Amazing Maces

Detail of the bishop figure on the St Salvator’s mace, with angels and wildmen visible.

When I hear the word ‘mace’, I think of the mediaeval weapon, with a long shaft and barbed head, which is a consistent feature of armoury museums throughout Europe. The University of St Andrews, however, possesses a rather different kind of mace. Wrought in fine gold workmanship in the Gothic style, these maces are not weapons, but status symbols. Dating from the 15th century onward, they served as emblems of the university’s colleges on formal occasions.  Their decoration reflects both this elevated purpose and the elite world-view of those who commissioned them.
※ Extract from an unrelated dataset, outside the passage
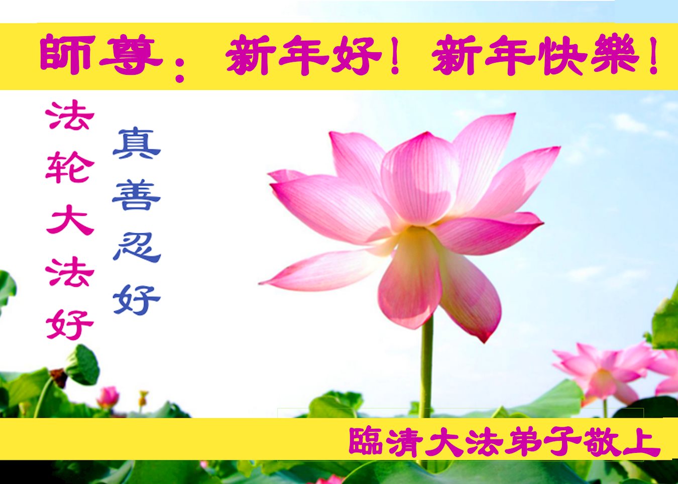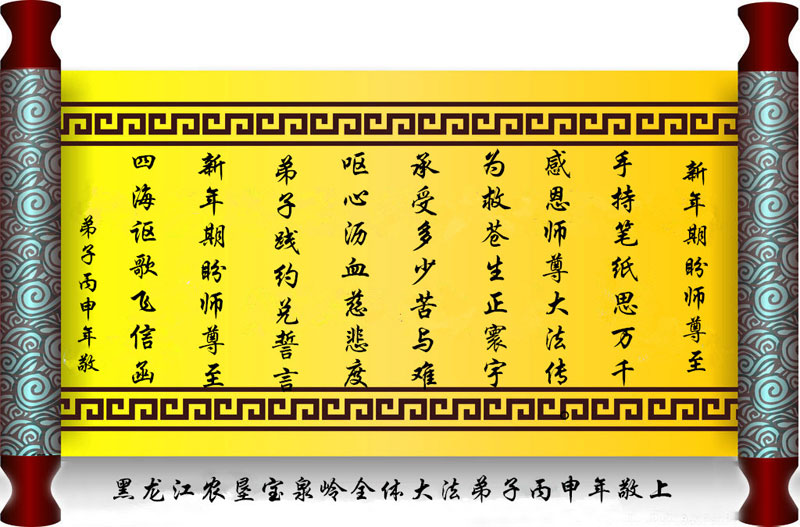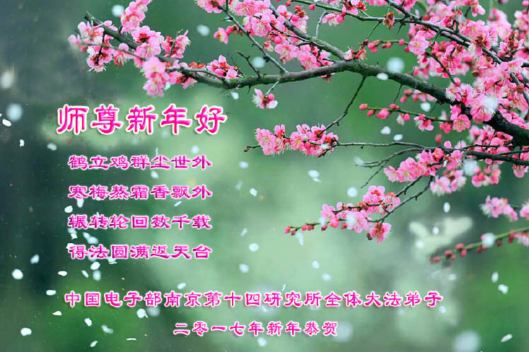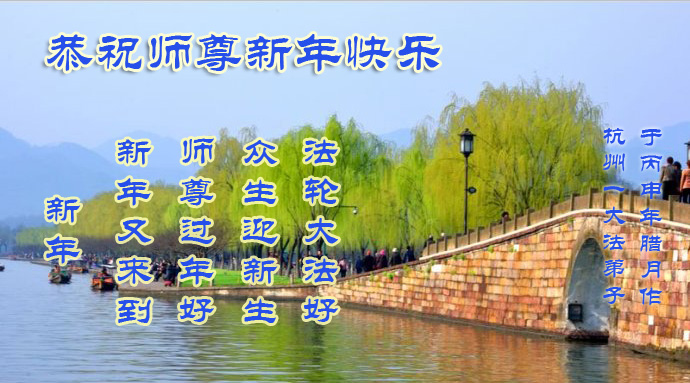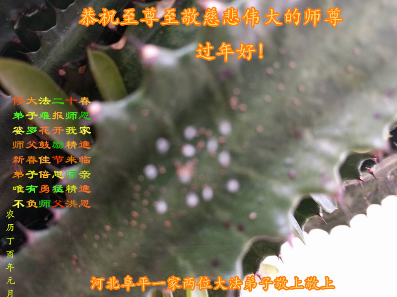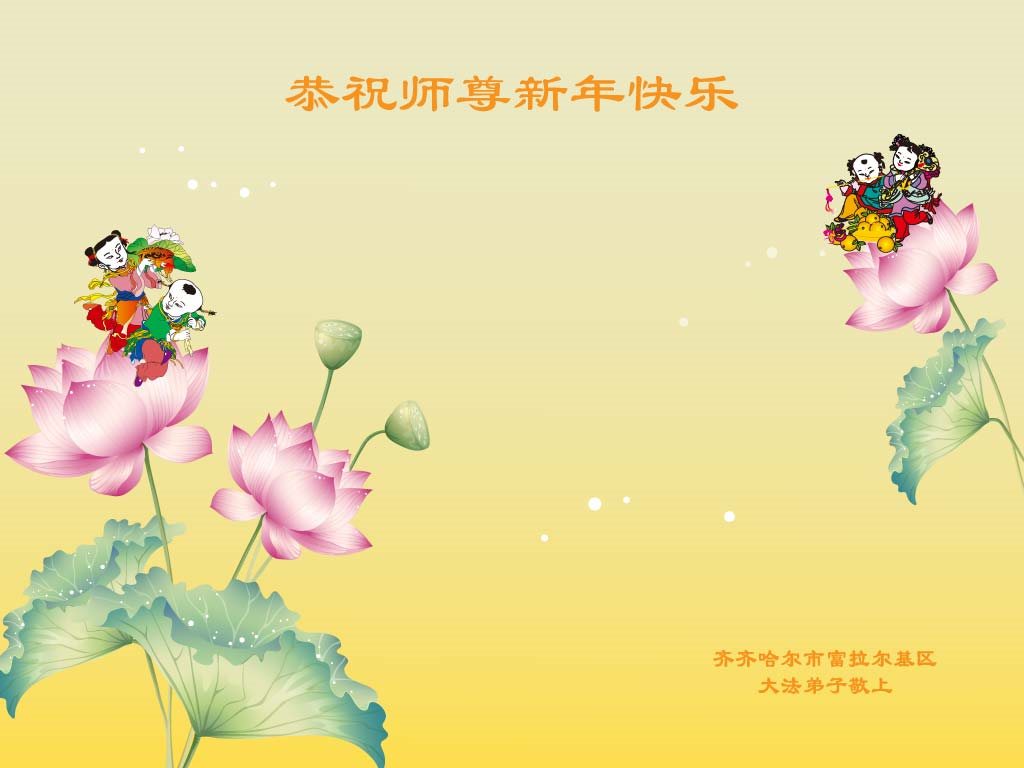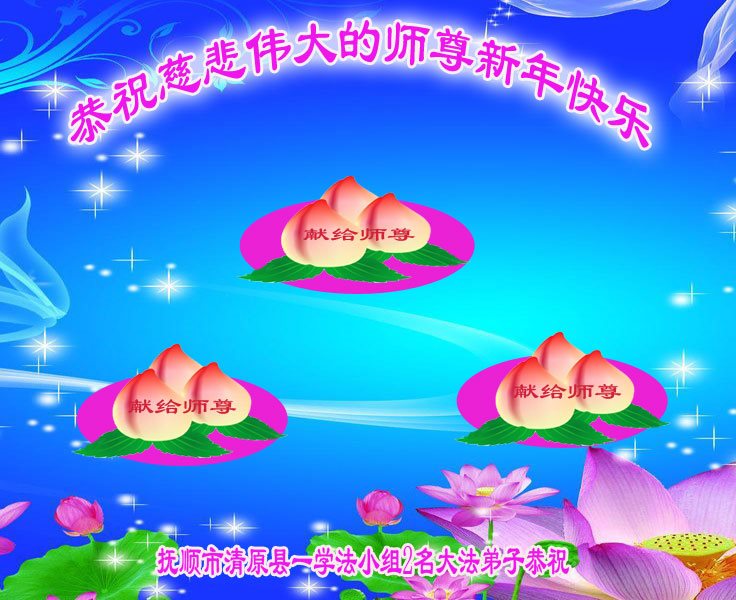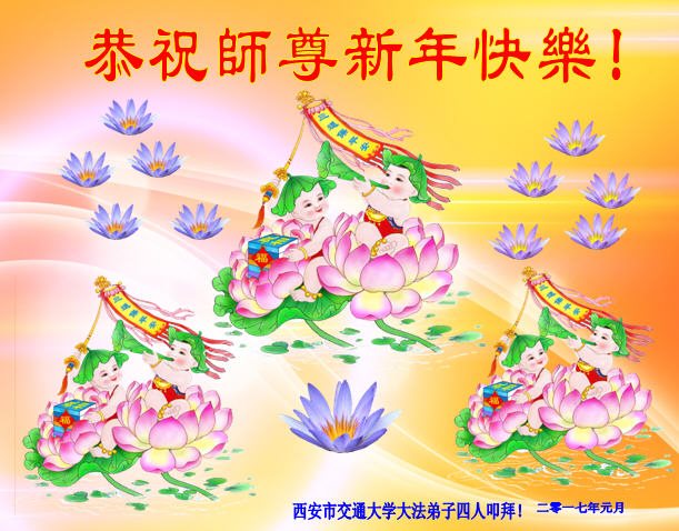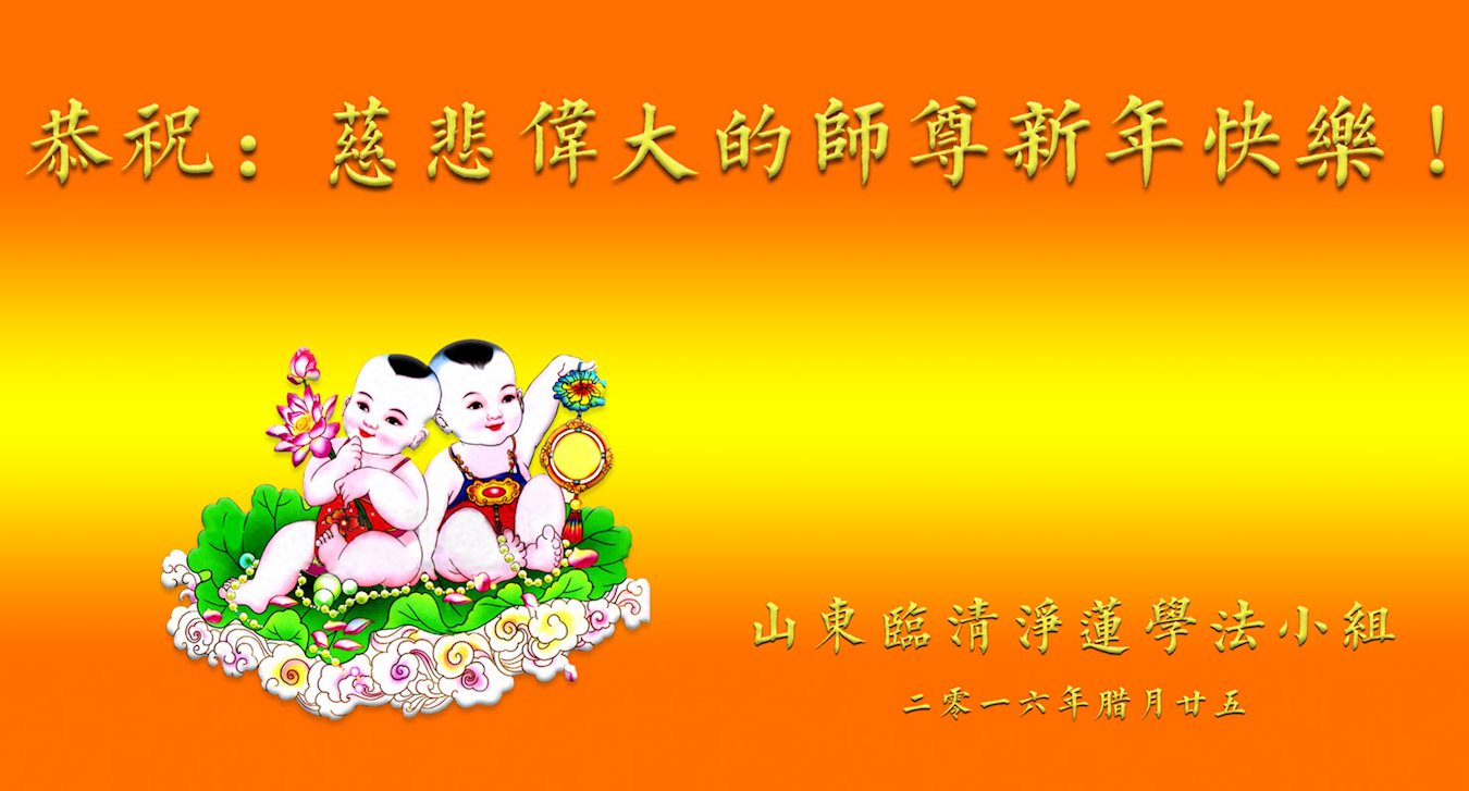 师父新年好!在师父的慈悲看护下,我们的资料点一直在发挥应有的作用,我们知道,我们能做好的每一件事情都是在师父的慈悲看护下完成的。对师父崇敬的心是用人类最美好的语言也无法表达完整的。在此新年到来之际,我们全体大法弟子用修炼人最纯净的心向师父问好!祝愿我们慈悲伟大的师父新年快乐!

The St Salvator mace, for examples, bears figurines of the three orders of society, all grouped around the figure of the Holy Saviour. Other figurines, including St Andrews and the Bishop Kennedy (an important university patron) are seen restraining wild men–also an allusion to the maintenance of the social order. Their costly materials and their source–most probably the workshops of Paris–attest to the University’s aspirations as an institution of distinction both in Scotland and internationally.

Today, they take their place next to the set of three modern maces at graduation ceremonies, continuing the tradition of mediaeval pomp and circumstance that began in the 15th century. Outside of graduation, they remain in the Museum of the University of St Andrews, where they can be seen for free, as such spectacular and rare objects deserve.